1.1 Our Contributions

To achieve better augmentation, the generation process must make better use of context and label. In this paper, we introduce Conditional Masked Language Model (CMLM) (Wu et al., 2019; Ghazvininejad et al., 2019; Chen et al., 2020) to data augmentation for NMT. A Masked Language Model can make use of both left and right context, and a CMLM is an enhanced version that can be conditional on more information. CMLM has been used successfully in tasks such as text classification (Wu et al., 2019)

. However, to the best of our knowledge, its application to text generation, especially using deep bidirectional models such as BERT

(Devlin et al., 2019), has not been explored. We demonstrate in this paper that CMLM is a good technique for generating context-dependent word distributions. In particular, we show that CMLM is capable of enforcing semantic consistency by conditioning on both source and target during substitution. In addition, to enhance diversity, we combine the soft word substitution approach for DA, which replaces a word with a probabilistic distribution over the vocabulary (Gao et al., 2019). Experiments on four translation datasets of different scales show that the overall solution results in more realistic data augmentation and better translation quality. Our approach consistently achieves the best performance in comparison with strong and recent works and yields improvements of up to 1.90 BLEU points over the baseline.
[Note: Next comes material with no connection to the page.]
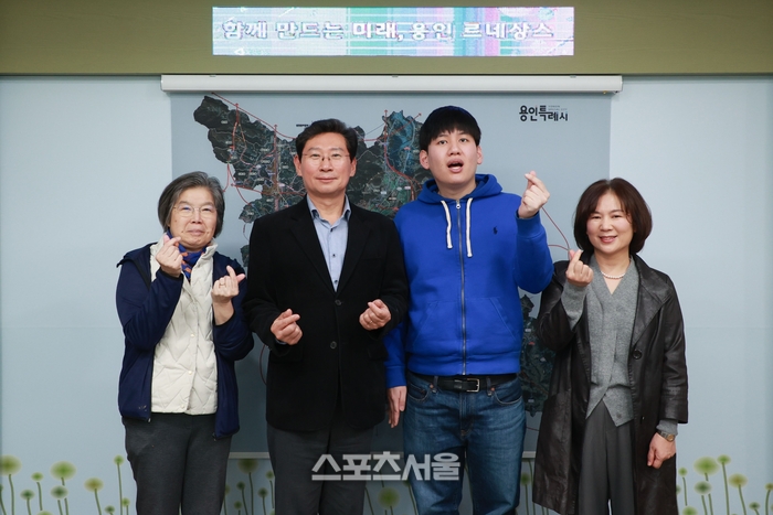 〔스포츠서울│수원=좌승훈기자〕이상일 용인특례시장은 8일 시장 접견실에서 처인구 역북동 (구)차량등록사업소 자리에 개관한 ‘가상현실 스포츠 체험센터’ 외벽 벽화 조성에 참여한 작가와 발달장애인 예술공동체 ‘아뜨리에 플레이 투게더(A.P.T)’ 관계자들을 만나 “경기도 최초로 개관한 ‘가상현실 스포츠 체험센터’ 외벽을 멋진 그림으로 꾸며주셔서 감사한 마음”이라고 인사했다.

In addition, we introduce an unsupervised method to measure semantic consistency without full-fledged training of NMT models, which may take many days even on GPU clusters. This could be used to provide an efficient early assessment of a data augmentation scheme.

2 Related Work

From a technical perspective, previous work on data augmentation for NLP can be classified as either context-independent or context-dependent. Context-independent approaches often apply predetermined, easy-to-compute transformations that depend solely on the word or sentence to be altered. Not surprisingly, most of them are not semantically consistent. Wei and Zou (2019) improves performance on many text classification tasks through a set of word level random perturbation operations, including random insertion, deletion, and swapping. Similar ideas have been applied to NMT, but the methods differ in how and what to alter. Swap (Artetxe et al., 2017; Lample et al., 2017) randomly swaps words in nearby positions within a window size k and Drop (Iyyer et al., 2015; Lample et al., 2017) randomly drops word tokens. Blank (Xie et al., 2017) replaces the candidate word with a placeholder token and Smooth (Xie et al., 2017) replaces it with a word sampled from the frequency distribution of the vocabulary, showing that data noising is an effective regularizer for NMT. SwitchOut, introduced in Wang et al. (2018), formulates the design of a DA algorithm as an optimization problem that maximizes an objective that encourages two desired properties: smoothness and diversity. SwitchOut independently replaces words in both source and target by other words uniformly sampled from their respective vocabularies. Others try to preserve a certain level of semantic consistency by replacing words with their synonyms selected from a handcrafted ontology such as WordNet (Zhang et al., 2015) or words based on similarity calculation (Wang and Yang, 2015).

These works do not make use of important context and label information and, in practice, usually cause a very small or even negative impact on performance. Context-dependent approaches, on the other hand, modify words, phrases, or the whole sentence based on their contextual information that is usually modeled using neural networks. We summarize a few representative ones below.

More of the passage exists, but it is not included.